Under FATCA, it is compulsory for all financial institutions to share the details of transactions involving US citizens, including NRIs with the US Government. FATCA ensures that there is no deliberate tax evasion by US citizens on income generated overseas. India signed the Inter-Governmental Agreement (IGA) with the USA on July 9, 2015, for improving International Tax Compliance and implementing FATCA. The documentation is standard for all investors, whether they are NRIs or RIs. The KYC, Additional KYC and FATCA details are mandatory for all the mutual fund investors.

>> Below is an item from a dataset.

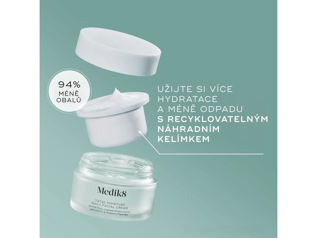 TOTAL MOISTURE DAILY FACIAL CREAM přináší na trh první plně recyklovatelnou nádobku Medik8 a recyklovatelné náplně. Plastové prvky obalu jsou vyrobeny z 30 % recyklovaného materiálu a celý produkt je recyklovatelný (všechny materiály vnější skleněné nádoby, vnitřní nádoby a víčka jsou recyklovatelné). Při koupi náhradní náplně je spotřebováno o 94 % méně obalů než při koupi nového balení a můžete ušetřit téměř 1 kg obalů/rok (při spotřebě 6 náplní za rok).

Some of these fund houses have certain conditions on which they allow investors based in USA and Canada to put money in their schemes. For example, ICICI Prudential AMC, Birla Sun Life Mutual Fund and SBI Mutual Fund allow investments only through offline transaction with additional declaration signed by the client. Similarly, L&T Mutual Fund doesn’t allow US and Canada based clients to invest in close-ended funds.
NRIs are allowed to invest in mutual funds in India on a repatriable or non-repatriable basis subject to regulations prescribed under the Foreign Exchange Management Act (FEMA). For general NRIs (not from USA and Canada) the process of investing in Indian mutual funds is as simple as it is for the Indian investors. They just need to comply by certain norms set by the country they are based in.

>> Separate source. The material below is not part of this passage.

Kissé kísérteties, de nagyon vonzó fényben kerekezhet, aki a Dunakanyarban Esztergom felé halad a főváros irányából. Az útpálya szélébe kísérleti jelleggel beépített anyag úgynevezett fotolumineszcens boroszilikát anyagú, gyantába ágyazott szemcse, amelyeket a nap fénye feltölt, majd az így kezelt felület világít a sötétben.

If an investor has investments in India and moves to USA or Canada as an NRI, the investments can be stopped by the AMC. “When the investor moves to either USA or Canada, the fund house will stop taking further investments if the particular fund house doesn’t allow investments from USA and Canada. If the fund house accepts such investments, then you just have to update the needed documents,” says Sneha Kalsekar, Financial Planner, My Financial Advisor.